▸ YOUR INSTRUCTIONS
For this task, output exactly the lines of the material below starting at the line with "In 2016, a newborn" and ending at the line with "조운동 지역사회보장협의체(단장 한범순)는"; pictures are to be excluded.

▸ ENTRIES SHOWN
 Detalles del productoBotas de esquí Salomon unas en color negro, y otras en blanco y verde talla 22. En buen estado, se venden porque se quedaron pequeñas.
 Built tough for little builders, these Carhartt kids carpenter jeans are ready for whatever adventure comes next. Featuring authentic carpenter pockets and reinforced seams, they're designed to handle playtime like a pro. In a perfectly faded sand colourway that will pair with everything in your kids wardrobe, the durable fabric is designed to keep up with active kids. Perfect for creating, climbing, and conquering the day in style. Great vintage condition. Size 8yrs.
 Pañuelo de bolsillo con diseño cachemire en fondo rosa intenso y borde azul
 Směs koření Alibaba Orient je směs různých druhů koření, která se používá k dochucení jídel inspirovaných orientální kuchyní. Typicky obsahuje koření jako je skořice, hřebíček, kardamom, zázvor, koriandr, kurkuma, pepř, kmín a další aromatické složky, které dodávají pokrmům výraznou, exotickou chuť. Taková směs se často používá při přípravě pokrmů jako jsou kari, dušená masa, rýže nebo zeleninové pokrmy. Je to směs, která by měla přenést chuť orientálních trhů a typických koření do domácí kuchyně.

...

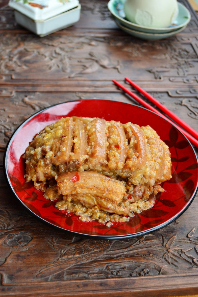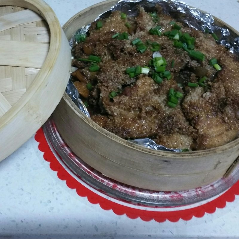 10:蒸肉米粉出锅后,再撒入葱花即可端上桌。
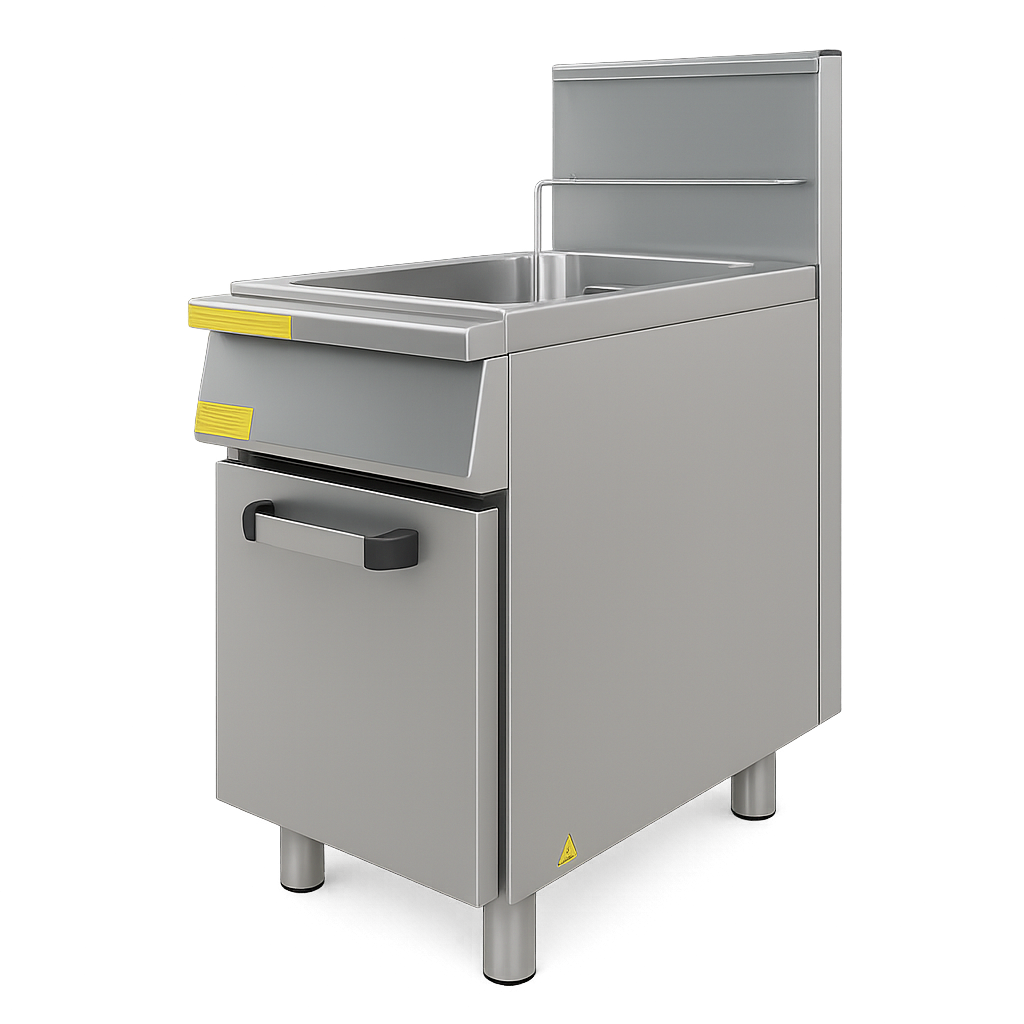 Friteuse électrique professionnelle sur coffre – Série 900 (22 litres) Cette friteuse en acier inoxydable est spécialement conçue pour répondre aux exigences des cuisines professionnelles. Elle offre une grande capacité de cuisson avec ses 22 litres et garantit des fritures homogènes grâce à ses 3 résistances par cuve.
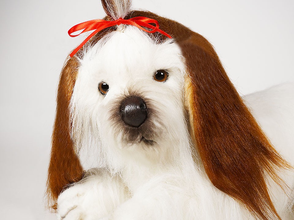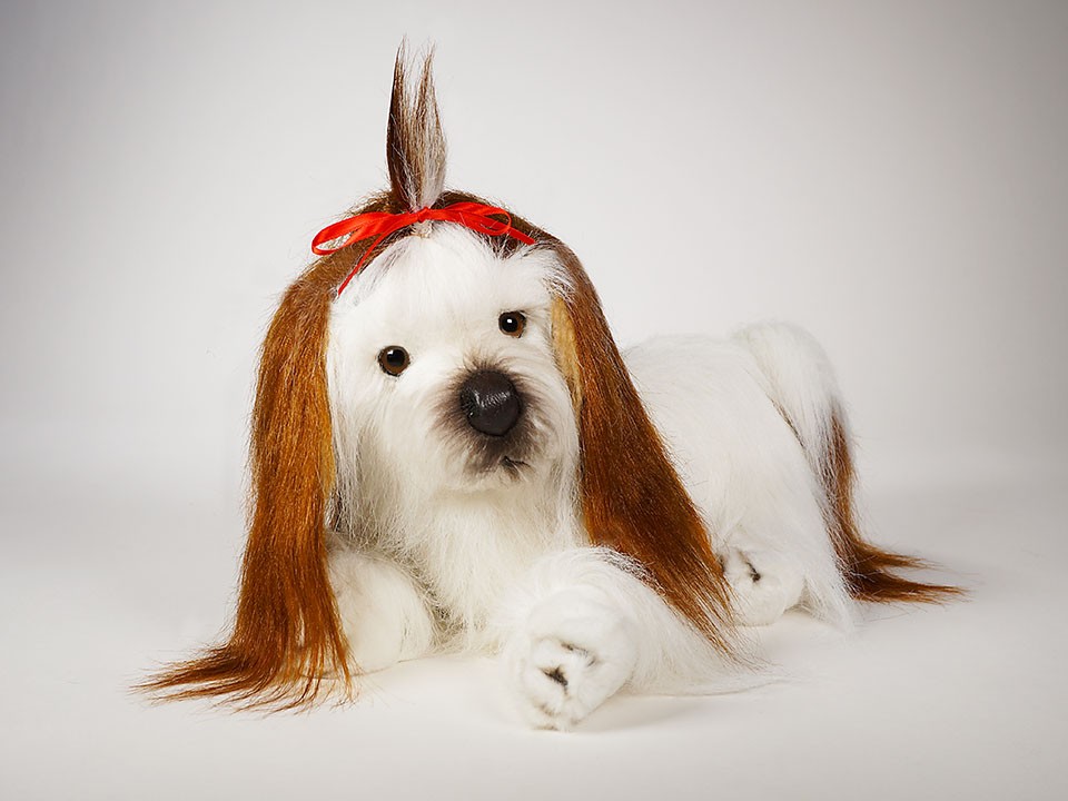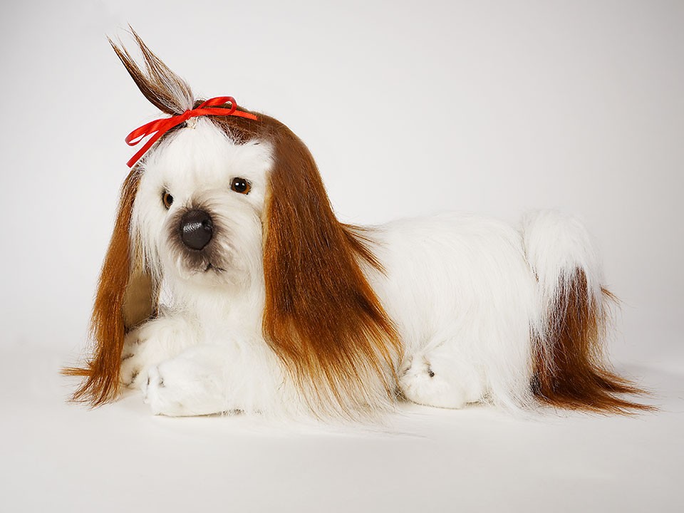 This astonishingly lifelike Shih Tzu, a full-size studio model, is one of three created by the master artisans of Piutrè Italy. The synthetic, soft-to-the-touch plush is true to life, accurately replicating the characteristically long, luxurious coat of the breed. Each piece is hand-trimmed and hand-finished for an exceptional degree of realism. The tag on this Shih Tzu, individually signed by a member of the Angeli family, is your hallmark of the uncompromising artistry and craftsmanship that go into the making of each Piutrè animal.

...

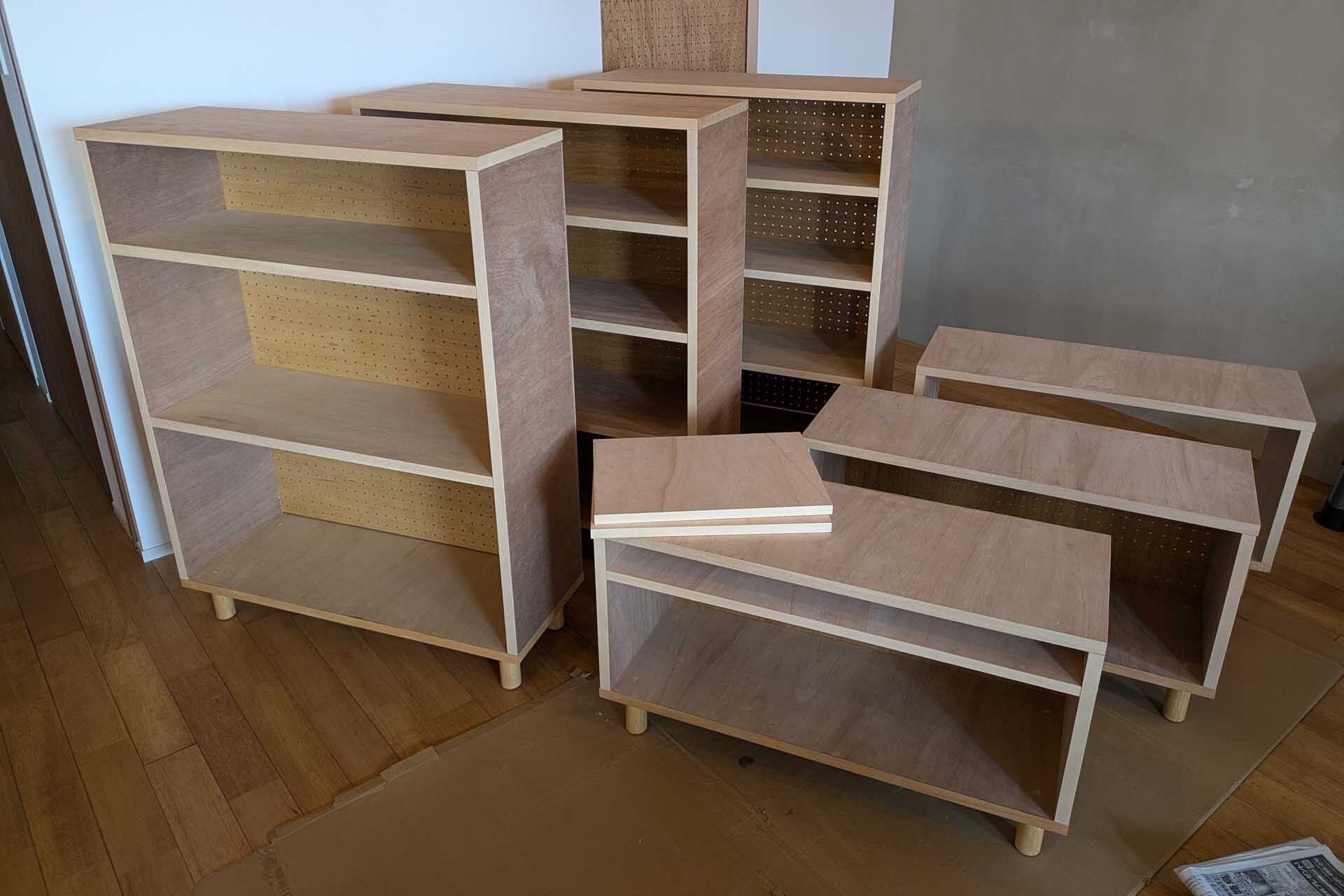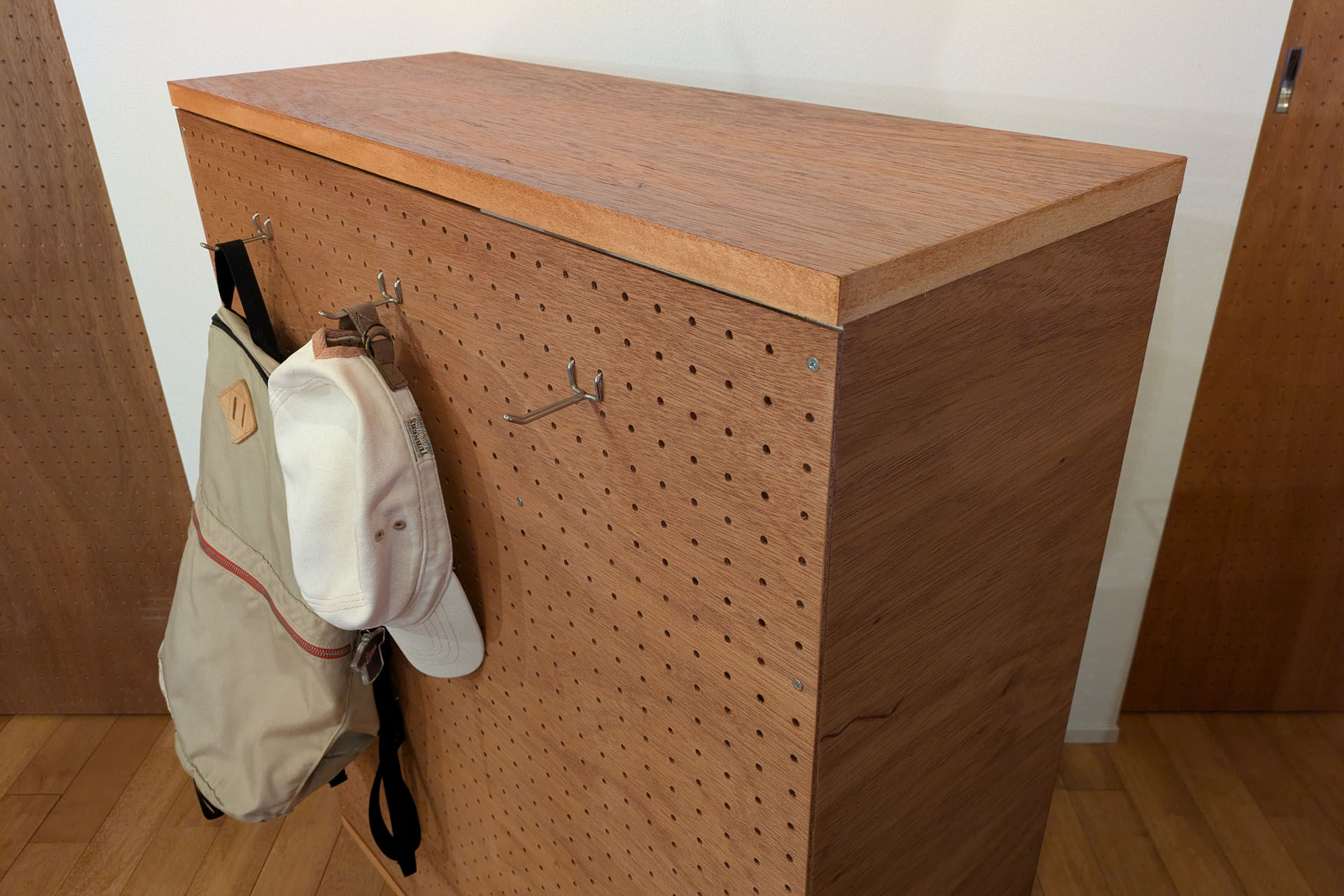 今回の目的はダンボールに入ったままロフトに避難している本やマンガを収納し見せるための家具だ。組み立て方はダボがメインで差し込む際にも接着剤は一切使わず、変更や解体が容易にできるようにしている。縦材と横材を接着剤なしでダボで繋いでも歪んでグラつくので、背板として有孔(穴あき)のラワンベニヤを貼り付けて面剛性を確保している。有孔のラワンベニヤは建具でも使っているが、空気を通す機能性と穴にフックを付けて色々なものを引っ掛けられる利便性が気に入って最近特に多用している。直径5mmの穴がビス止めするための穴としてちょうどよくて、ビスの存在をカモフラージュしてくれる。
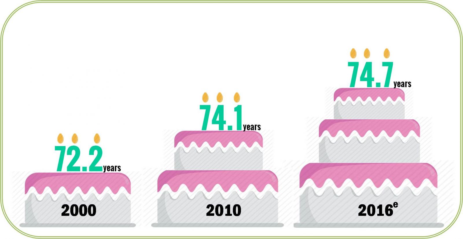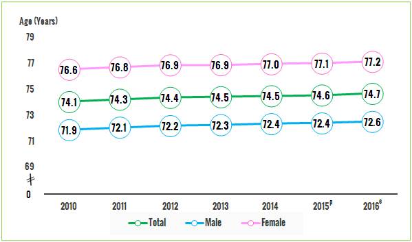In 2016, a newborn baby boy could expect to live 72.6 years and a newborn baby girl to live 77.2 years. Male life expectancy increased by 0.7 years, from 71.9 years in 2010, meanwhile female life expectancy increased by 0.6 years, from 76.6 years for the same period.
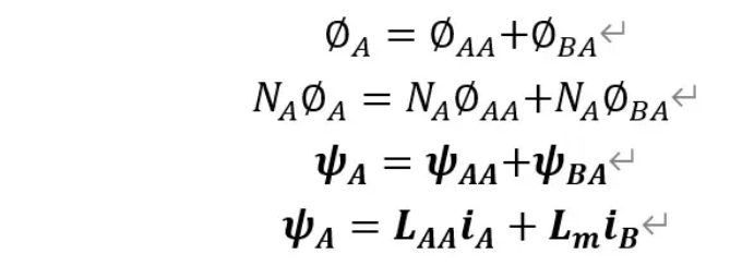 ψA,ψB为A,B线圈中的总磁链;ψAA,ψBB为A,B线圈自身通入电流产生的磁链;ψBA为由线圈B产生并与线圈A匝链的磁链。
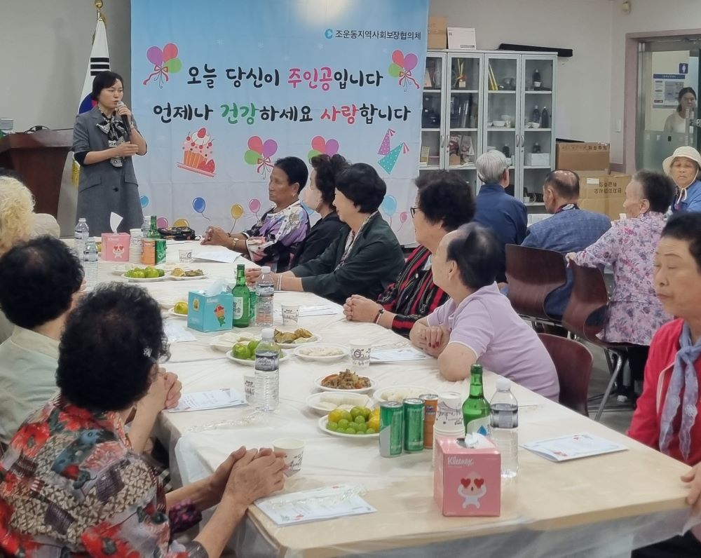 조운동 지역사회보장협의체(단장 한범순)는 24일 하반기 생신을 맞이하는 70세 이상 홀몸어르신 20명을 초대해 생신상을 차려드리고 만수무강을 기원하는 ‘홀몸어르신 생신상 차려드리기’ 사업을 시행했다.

▸ WRITTEN ANSWER
In 2016, a newborn baby boy could expect to live 72.6 years and a newborn baby girl to live 77.2 years. Male life expectancy increased by 0.7 years, from 71.9 years in 2010, meanwhile female life expectancy increased by 0.6 years, from 76.6 years for the same period.
 ψA,ψB为A,B线圈中的总磁链;ψAA,ψBB为A,B线圈自身通入电流产生的磁链;ψBA为由线圈B产生并与线圈A匝链的磁链。
 조운동 지역사회보장협의체(단장 한범순)는 24일 하반기 생신을 맞이하는 70세 이상 홀몸어르신 20명을 초대해 생신상을 차려드리고 만수무강을 기원하는 ‘홀몸어르신 생신상 차려드리기’ 사업을 시행했다.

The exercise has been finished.